Their research revealed that certain sharks leave Stewart Island for the Great Barrier Reef area of Australia and then return.  Others go to Fiji and Tonga.  Some return, some go to the Chatham Islands to the east of the South Island. At one time great whites were thought to inhabit certain cold water locations around the globe but is has now been determined that they are found in every part of every sea and ocean on earth.  Right, about that new dive stuff...



Although Oban is a very small town, it seemed packed with people after the quiet, natural places we've been during the last two months.  Don't get me wrong, it was wonderful to stop in the hotel's bar for a cold beer and seafood chowder or blue cod fish and chips while connecting to the internet.  And loading up my grocery basket with fresh fruit and veggies was a delight. 

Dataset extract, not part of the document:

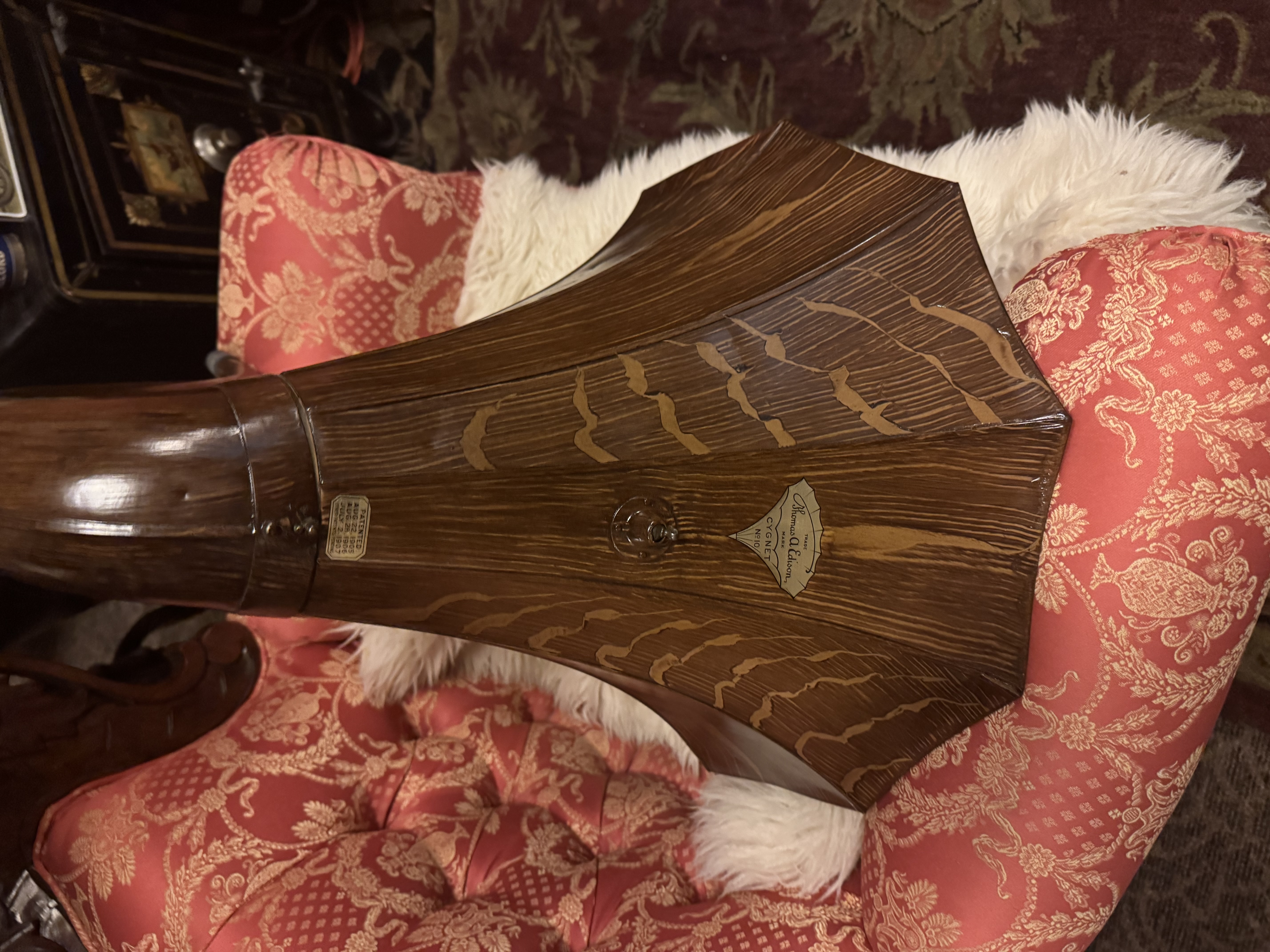 I am selling this horn for a friend with free delivery to Mid West show or actual cost of shipping at your expense It is a Regrained in quatersawn oak #10 Edison cygnet horn. Not for sure who did the repaint but it is very nice, maybe an older greg cline repaint My friend says he wants $600 but i know he will take $500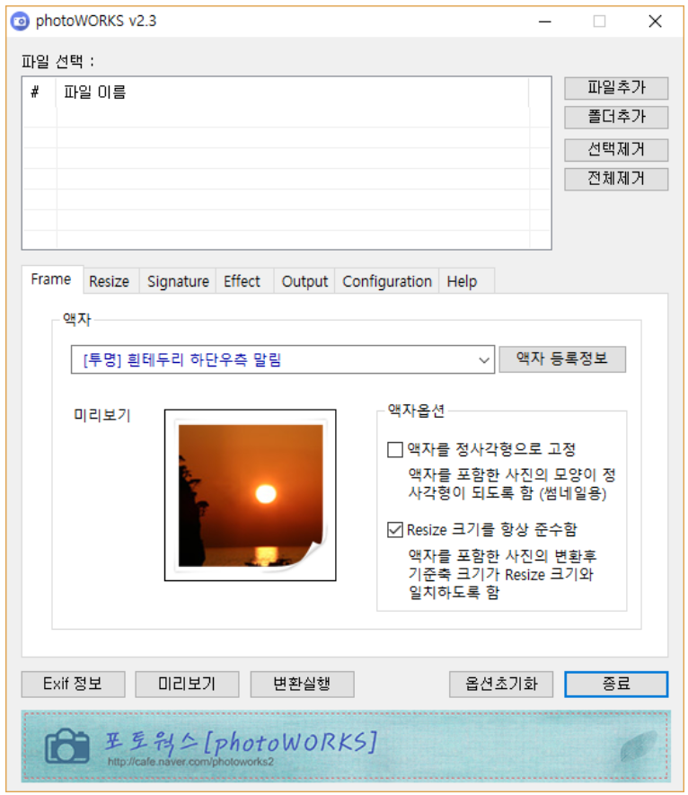 예전에는 포토웍스 전용 홈페이지에서 프로그램을 배포했던 시기가 있었던 것으로 알려져 있습니다. 다만 개인이 홈페이지를 상시 운영하기에는 비용과 관리 부담이 만만치 않기 때문에, 현재는 네이버 카페에서 프로그램을 배포하고 있습니다. 개발자가 개인적인 시간에 유지·보수를 하는 형태라, 상업용 서비스처럼 빠르게 버전이 올라가지는 않습니다.

The highlights of Oban for us, though, besides the friendly people, were the small but treasure-filled Rakiura Museum and and the informative and interesting Rakiura National Park Visitor's Centre.

We only spent three days in Paterson Inlet.  Brynn from Commander's Weather wrote that there was a good window to cross Foveaux Strait and sail to Dunedin but I didn't want to leave yet so wrote back that we'd like to go a few days later.  Well, Mother Nature doesn't work that way in this part of the world.  Brynn answered that we wouldn't have another window for at least 10 days.  So off we went.  At least we spent time on Stewart Island last year.